### Provided material
▽

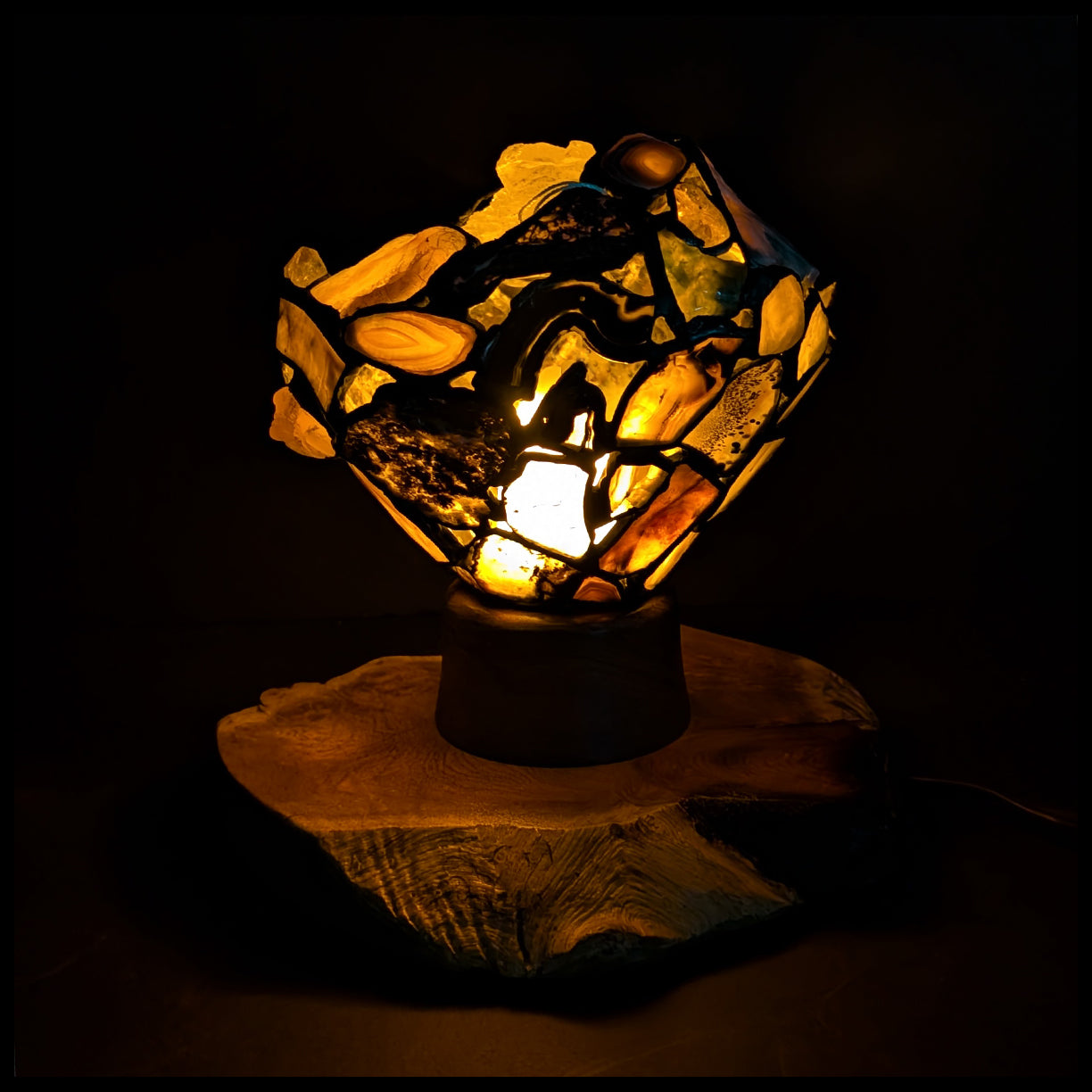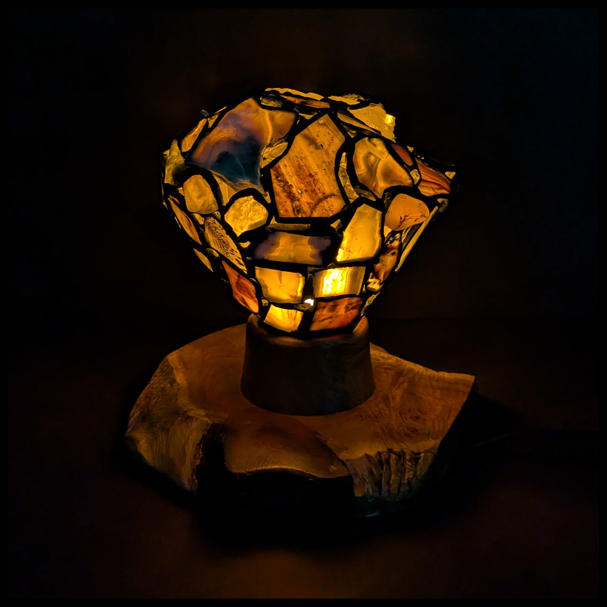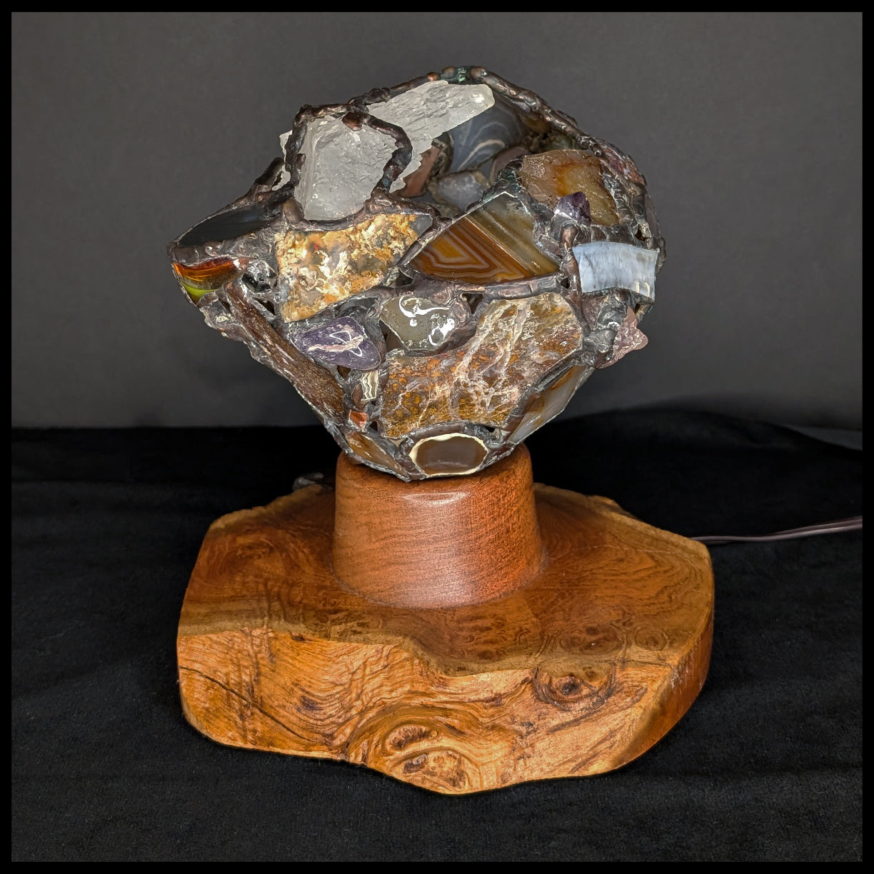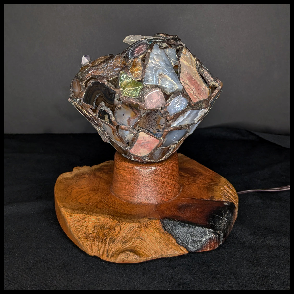 This gemstone creation is a beautiful piece of Home Decor by artist Jim Pape. It is created from a beautiful piece of Mesquite Wood, which is shaped to hold the lightbulb and cord fixture within, and allows the top mosaic of gemstones and chalcedonies to sit on top. The assortment of slabs and tumbled stones are wrapped with copper and soldered, with an antique patina finish.
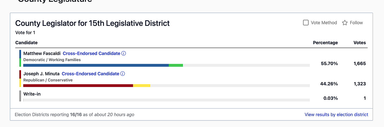 You can see this lack of effort by the Orange County Democrats in how people voted across the county for Michael Sussman. Voters in Monroe, for example, supported Councilwoman Richardson but did not vote for Sussman in most districts. The same was true in Woodbury, where in nearly every district, regardless of mayoral choice, voters selected Neuhaus for county executive instead of Michael Sussman.
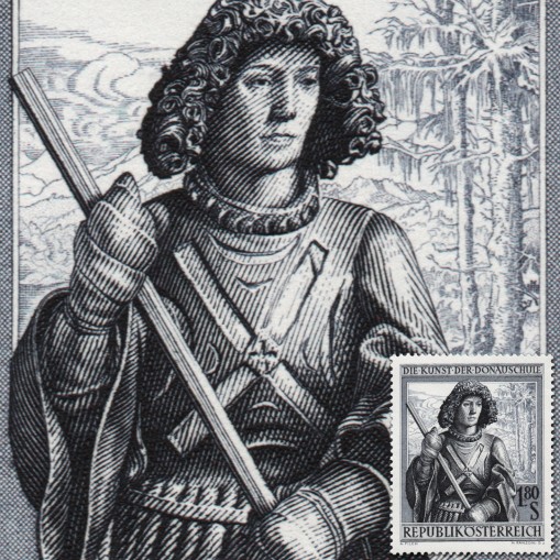 Znaczek upamiętniający sztukę szkoły naddunajskiej, czyli grupy malarzy działających w latach 1500-1530/40 na terenach Bawarii i Austrii położonych w dolinie Dunaju. Wytworzyli oni charakterystyczny styl łączący tradycje malarstwa schyłkowego gotyku z wczesnym i dojrzałym renesansem.
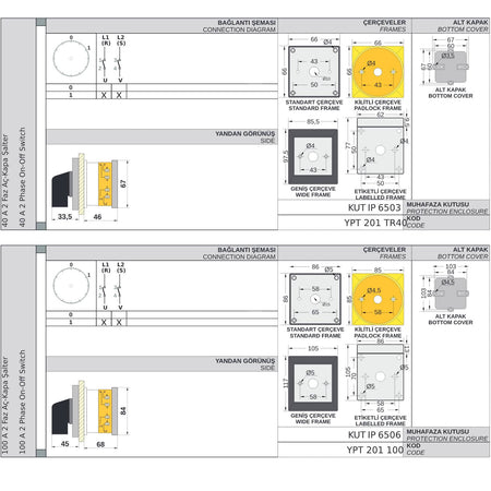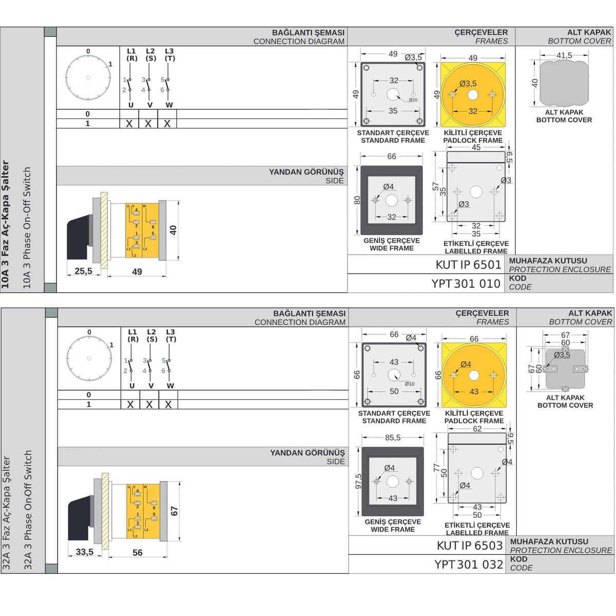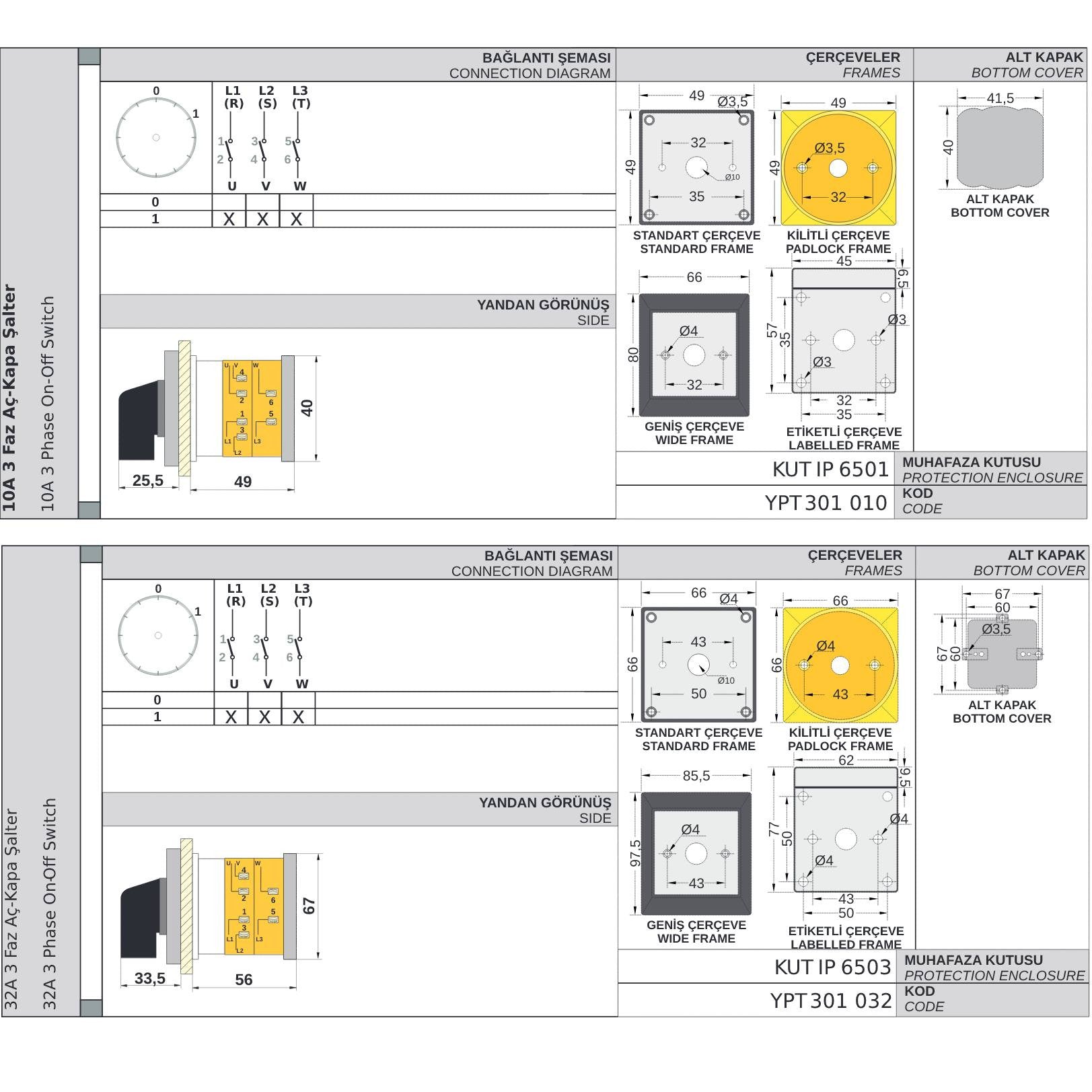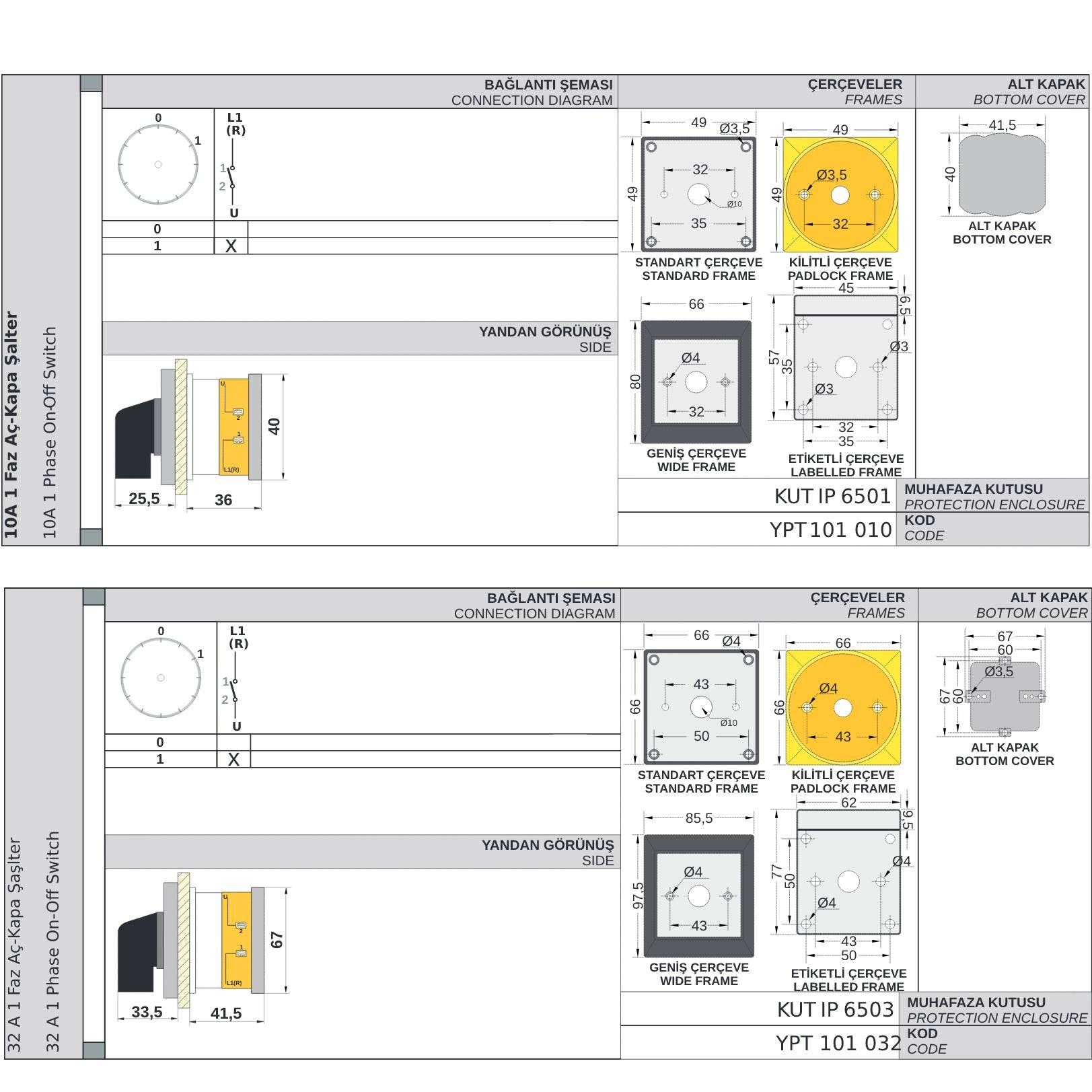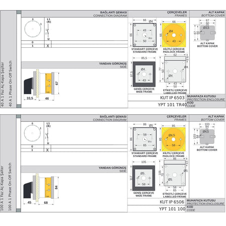 ON/OFF , ON-OFF / 0-1 maintenance cam pack rotary switch for front mounting, lockable, YKL101 / YKL201 / YKL301 / YKL401, manufacturer OPAŞ (Turkey)

△

### What is being asked
Exactly reproduce the lines that run from the first line of the listing above to the line containing "Znaczek upamiętniający sztukę", including both; omit the pictures.

### Task output
 This gemstone creation is a beautiful piece of Home Decor by artist Jim Pape. It is created from a beautiful piece of Mesquite Wood, which is shaped to hold the lightbulb and cord fixture within, and allows the top mosaic of gemstones and chalcedonies to sit on top. The assortment of slabs and tumbled stones are wrapped with copper and soldered, with an antique patina finish.
 You can see this lack of effort by the Orange County Democrats in how people voted across the county for Michael Sussman. Voters in Monroe, for example, supported Councilwoman Richardson but did not vote for Sussman in most districts. The same was true in Woodbury, where in nearly every district, regardless of mayoral choice, voters selected Neuhaus for county executive instead of Michael Sussman.
 Znaczek upamiętniający sztukę szkoły naddunajskiej, czyli grupy malarzy działających w latach 1500-1530/40 na terenach Bawarii i Austrii położonych w dolinie Dunaju. Wytworzyli oni charakterystyczny styl łączący tradycje malarstwa schyłkowego gotyku z wczesnym i dojrzałym renesansem.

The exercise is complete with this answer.